=== Section Start ===

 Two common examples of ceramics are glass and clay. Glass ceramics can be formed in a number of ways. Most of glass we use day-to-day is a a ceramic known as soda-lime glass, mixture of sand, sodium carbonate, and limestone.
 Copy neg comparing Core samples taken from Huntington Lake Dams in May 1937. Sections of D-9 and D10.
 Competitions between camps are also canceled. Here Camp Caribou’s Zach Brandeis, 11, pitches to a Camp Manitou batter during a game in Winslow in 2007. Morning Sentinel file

=== Section End ===
=== Section Start ===

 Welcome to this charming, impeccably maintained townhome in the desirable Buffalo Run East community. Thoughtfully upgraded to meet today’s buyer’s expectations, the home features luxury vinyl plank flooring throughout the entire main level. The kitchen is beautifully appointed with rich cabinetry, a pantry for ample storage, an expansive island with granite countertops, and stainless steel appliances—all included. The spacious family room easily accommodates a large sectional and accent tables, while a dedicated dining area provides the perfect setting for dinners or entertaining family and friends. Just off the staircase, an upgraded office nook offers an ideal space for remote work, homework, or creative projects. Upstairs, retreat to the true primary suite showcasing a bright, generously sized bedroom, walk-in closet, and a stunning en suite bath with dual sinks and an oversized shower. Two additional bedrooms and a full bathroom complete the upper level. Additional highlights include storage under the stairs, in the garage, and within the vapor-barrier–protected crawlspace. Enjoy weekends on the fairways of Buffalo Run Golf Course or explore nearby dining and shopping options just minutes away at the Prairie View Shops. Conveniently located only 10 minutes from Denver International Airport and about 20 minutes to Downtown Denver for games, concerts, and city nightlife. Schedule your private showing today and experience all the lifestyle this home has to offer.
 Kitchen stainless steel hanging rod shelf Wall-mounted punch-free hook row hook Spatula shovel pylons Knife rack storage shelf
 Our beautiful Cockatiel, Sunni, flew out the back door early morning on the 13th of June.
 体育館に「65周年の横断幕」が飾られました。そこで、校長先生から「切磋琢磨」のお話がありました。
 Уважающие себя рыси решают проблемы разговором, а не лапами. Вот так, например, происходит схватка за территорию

=== Section End ===

■ **WORK TASK**: Begin at the line above that has "Our beautiful Cockatiel, Sunni, flew" and stop after the line that has "Уважающие себя рыси", copying each line exactly and adding nothing else.

■ **REPLY**:
 Our beautiful Cockatiel, Sunni, flew out the back door early morning on the 13th of June.
 体育館に「65周年の横断幕」が飾られました。そこで、校長先生から「切磋琢磨」のお話がありました。
 Уважающие себя рыси решают проблемы разговором, а не лапами. Вот так, например, происходит схватка за территорию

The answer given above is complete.